Pei-Chi Lan


2025

pdf bib
Challenges and Limitations of the Multilingual Pre-trained Model Whisper on Low-Resource Languages: A Case Study of Hakka Speech Recognition
Pei-Chi Lan | Hsin-Tien Chiang | Ting-Chun Lin | Ming-Hsiang Su
Proceedings of the 37th Conference on Computational Linguistics and Speech Processing (ROCLING 2025)

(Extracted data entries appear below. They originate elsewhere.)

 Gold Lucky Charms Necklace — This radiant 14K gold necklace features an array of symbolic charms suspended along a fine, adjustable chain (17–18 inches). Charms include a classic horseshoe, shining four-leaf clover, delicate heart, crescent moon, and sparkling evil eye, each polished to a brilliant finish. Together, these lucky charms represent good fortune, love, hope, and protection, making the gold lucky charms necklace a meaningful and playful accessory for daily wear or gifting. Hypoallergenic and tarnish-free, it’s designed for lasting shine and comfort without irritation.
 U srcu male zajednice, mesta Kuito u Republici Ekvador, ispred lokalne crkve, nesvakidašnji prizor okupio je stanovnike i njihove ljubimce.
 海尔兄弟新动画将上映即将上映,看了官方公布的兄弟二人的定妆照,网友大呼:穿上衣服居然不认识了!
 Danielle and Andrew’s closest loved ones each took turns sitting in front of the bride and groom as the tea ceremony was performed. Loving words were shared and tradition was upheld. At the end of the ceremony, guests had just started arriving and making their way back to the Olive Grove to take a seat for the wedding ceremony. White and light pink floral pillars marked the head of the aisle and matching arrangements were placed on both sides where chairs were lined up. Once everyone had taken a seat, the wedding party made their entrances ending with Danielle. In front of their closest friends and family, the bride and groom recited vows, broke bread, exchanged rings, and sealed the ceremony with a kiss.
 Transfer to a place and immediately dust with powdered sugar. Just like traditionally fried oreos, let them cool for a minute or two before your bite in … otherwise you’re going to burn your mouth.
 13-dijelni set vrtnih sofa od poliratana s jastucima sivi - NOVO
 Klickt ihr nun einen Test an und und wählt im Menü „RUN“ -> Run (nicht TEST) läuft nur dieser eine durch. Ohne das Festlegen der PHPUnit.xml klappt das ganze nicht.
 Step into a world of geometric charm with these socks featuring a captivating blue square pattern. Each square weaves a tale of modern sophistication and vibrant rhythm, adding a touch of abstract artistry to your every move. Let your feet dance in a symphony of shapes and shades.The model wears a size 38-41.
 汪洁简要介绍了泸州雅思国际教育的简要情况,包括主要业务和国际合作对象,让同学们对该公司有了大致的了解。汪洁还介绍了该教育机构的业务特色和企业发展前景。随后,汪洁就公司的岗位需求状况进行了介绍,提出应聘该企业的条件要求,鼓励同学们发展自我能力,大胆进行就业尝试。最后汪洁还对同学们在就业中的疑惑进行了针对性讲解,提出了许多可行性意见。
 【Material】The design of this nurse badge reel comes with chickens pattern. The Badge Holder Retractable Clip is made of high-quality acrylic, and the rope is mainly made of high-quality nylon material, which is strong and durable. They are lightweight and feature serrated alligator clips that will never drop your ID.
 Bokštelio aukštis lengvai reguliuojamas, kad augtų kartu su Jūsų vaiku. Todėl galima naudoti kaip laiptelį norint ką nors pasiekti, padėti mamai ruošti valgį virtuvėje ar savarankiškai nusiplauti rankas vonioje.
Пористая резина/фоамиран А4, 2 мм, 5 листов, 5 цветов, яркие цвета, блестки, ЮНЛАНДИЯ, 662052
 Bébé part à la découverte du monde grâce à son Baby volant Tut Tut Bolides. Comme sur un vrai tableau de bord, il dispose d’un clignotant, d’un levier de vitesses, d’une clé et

This study investigates the practical performance and limitations of the multilingual pre-trained model Whisper in low-resource language settings, using a Hakka speech recognition challenge as a case study. In the preliminary phase, our team (Group G) achieved official scores of 75.58% in Character Error Rate (CER) and 100.97% in Syllable Error Rate (SER). However, in the final phase, both CER and Word Error Rate (WER) reached 100%. Through a retrospective analysis of system design and implementation, we identified three major sources of failure: (1) improper handling of long utterances, where only the first segment was decoded, causing content truncation; (2) inconsistent language prompting, fixed to “Chinese” instead of the Hakka target; and (3) lack of systematic verification in data alignment and submission generation, combined with inadequate evaluation setup.Based on these findings, we propose a set of practical guidelines covering long-utterance processing, language consistency checking, and data submission validation. The results highlight that in low-resource speech recognition tasks, poor data quality or flawed workflow design can cause severe degradation of model performance. This study underscores the importance of robust data and process management in ASR system development and provides concrete insights for future improvements and reproducibility.